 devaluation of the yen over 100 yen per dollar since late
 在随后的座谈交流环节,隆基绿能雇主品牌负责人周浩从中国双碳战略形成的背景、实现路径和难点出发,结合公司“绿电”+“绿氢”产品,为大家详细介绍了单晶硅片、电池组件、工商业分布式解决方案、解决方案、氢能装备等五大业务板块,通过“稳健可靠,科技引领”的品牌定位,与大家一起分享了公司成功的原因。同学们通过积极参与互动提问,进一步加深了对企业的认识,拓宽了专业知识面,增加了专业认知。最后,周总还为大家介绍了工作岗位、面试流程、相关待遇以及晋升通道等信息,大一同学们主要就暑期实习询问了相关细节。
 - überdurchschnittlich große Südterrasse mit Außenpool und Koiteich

* * *

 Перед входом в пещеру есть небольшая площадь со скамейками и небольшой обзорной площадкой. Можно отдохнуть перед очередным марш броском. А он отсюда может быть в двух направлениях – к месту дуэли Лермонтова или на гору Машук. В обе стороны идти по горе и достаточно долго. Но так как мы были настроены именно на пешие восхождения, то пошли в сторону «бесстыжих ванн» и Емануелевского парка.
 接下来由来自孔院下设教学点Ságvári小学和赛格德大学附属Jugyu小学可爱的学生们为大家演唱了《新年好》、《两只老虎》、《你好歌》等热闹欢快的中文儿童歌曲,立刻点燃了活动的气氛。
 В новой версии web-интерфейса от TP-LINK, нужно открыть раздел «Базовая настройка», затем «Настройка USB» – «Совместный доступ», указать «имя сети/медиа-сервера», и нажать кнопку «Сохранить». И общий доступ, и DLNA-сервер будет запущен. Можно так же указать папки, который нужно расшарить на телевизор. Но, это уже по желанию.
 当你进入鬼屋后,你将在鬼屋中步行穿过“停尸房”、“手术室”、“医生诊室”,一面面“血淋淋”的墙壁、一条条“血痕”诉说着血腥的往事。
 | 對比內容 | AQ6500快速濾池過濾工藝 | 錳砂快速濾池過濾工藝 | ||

> EXERCISE OBJECTIVE: From the records above, copy only the lines starting with the line that holds "devaluation of the" and going on through the line that holds "- überdurchschnittlich große", exactly as written.

> SOLUTION:
 devaluation of the yen over 100 yen per dollar since late
 在随后的座谈交流环节,隆基绿能雇主品牌负责人周浩从中国双碳战略形成的背景、实现路径和难点出发,结合公司“绿电”+“绿氢”产品,为大家详细介绍了单晶硅片、电池组件、工商业分布式解决方案、解决方案、氢能装备等五大业务板块,通过“稳健可靠,科技引领”的品牌定位,与大家一起分享了公司成功的原因。同学们通过积极参与互动提问,进一步加深了对企业的认识,拓宽了专业知识面,增加了专业认知。最后,周总还为大家介绍了工作岗位、面试流程、相关待遇以及晋升通道等信息,大一同学们主要就暑期实习询问了相关细节。
 - überdurchschnittlich große Südterrasse mit Außenpool und Koiteich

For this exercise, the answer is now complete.